Exercise brief = What is needed is a faithful transcription of all the data below, pictures excluded.

The data =

= Beginning of Section =

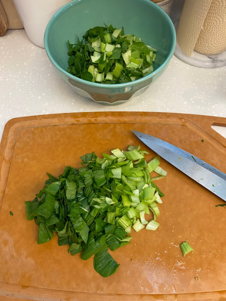 青江菜洗乾淨,切成小塊,用鹽抓過放置一旁備用。
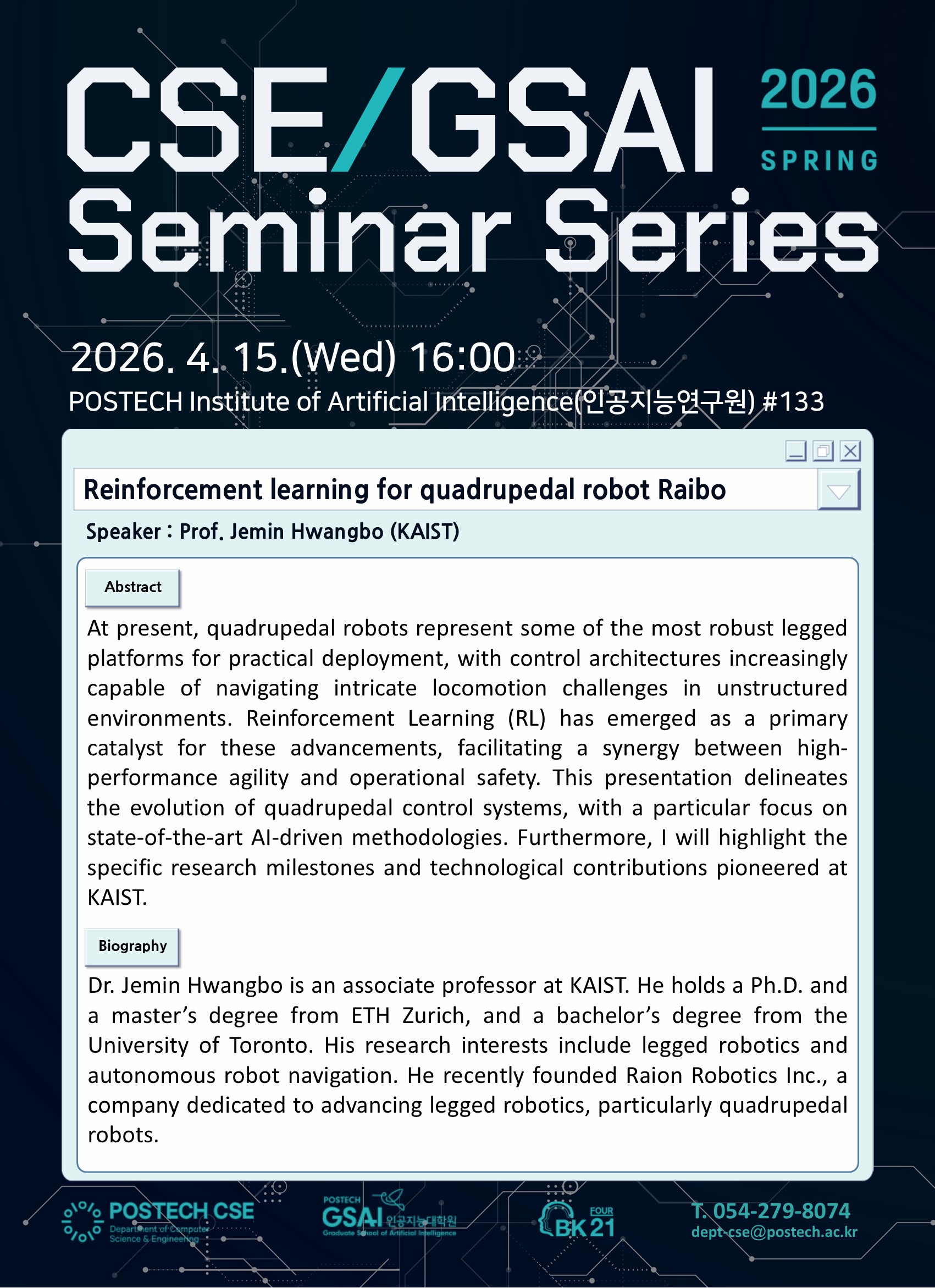 ▣ 장소(Venue) : 인공지능연구원 133호(PIAI #133)
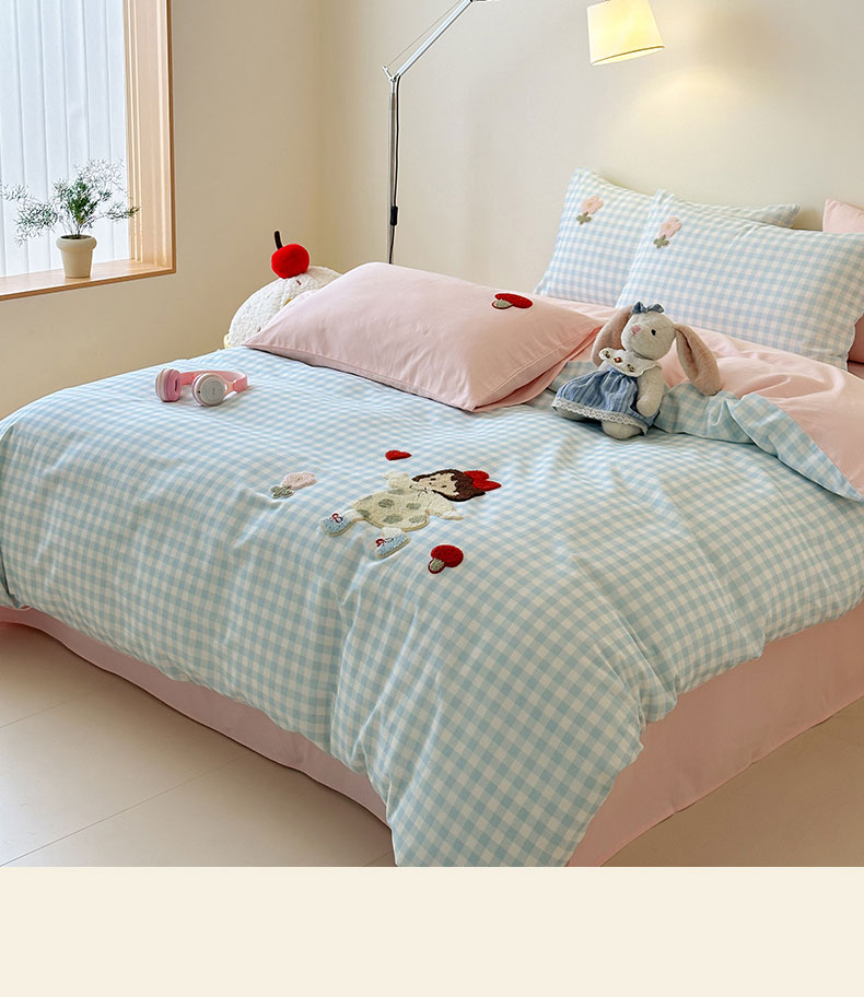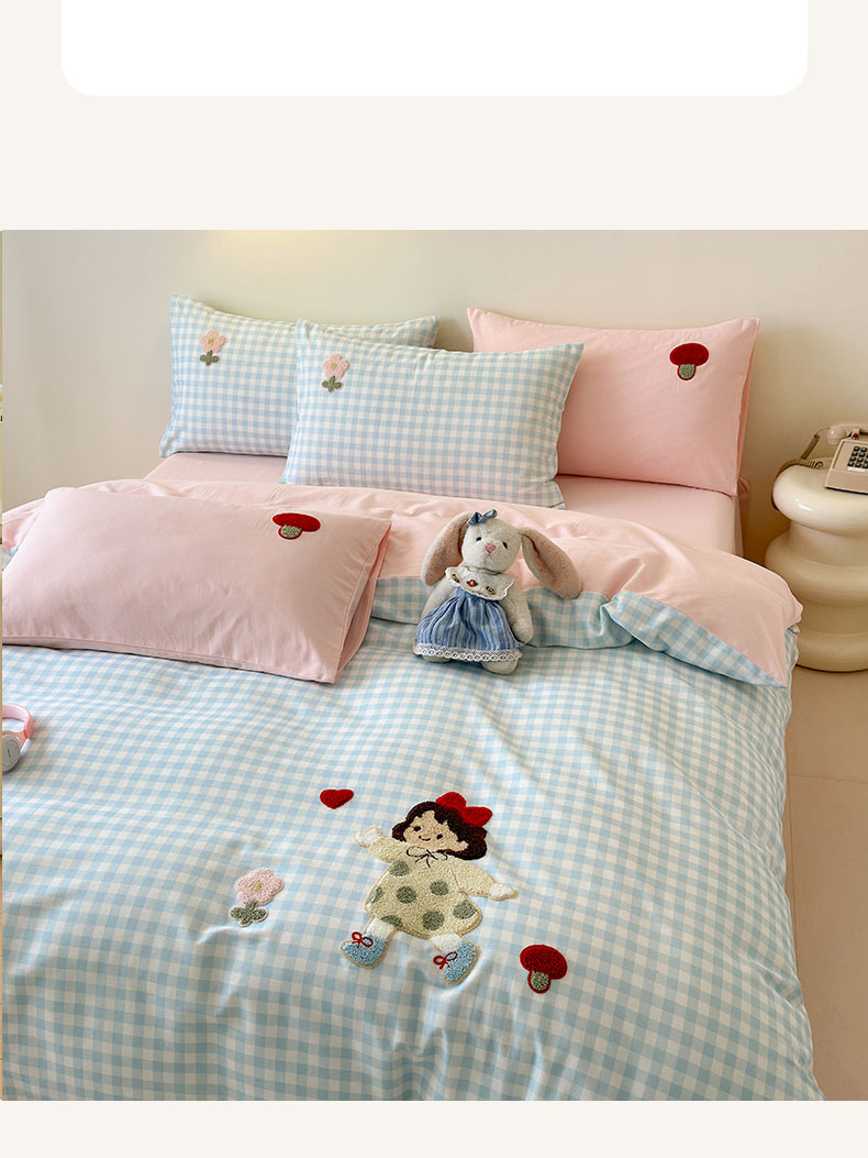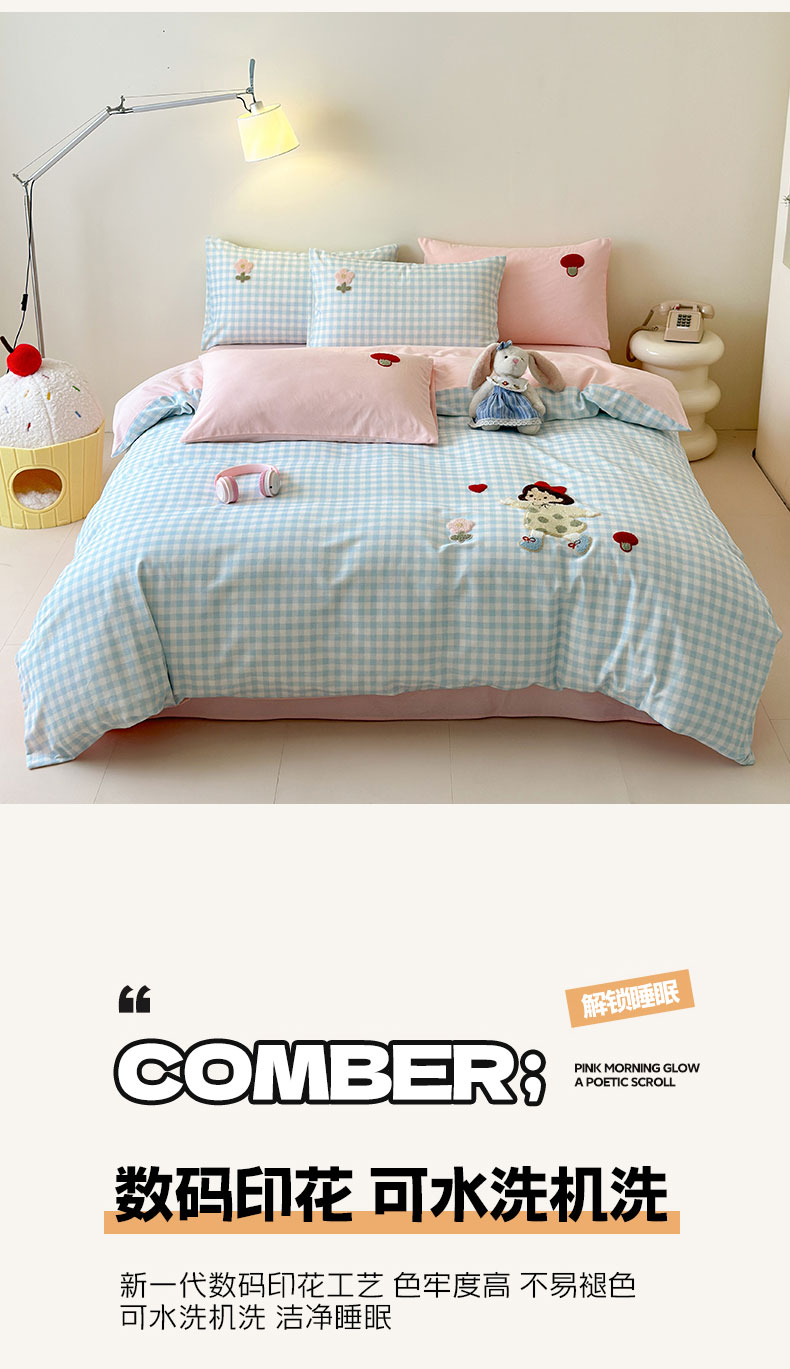 (总)锦觅 2025秋冬新款A类纯色小清新全棉磨毛绣花保暖四件套-第二批,可爱小兔,繁花似锦(米粉),可爱女孩(粉白)

= End of Section =

The answer =
 青江菜洗乾淨,切成小塊,用鹽抓過放置一旁備用。
 ▣ 장소(Venue) : 인공지능연구원 133호(PIAI #133)
 (总)锦觅 2025秋冬新款A类纯色小清新全棉磨毛绣花保暖四件套-第二批,可爱小兔,繁花似锦(米粉),可爱女孩(粉白)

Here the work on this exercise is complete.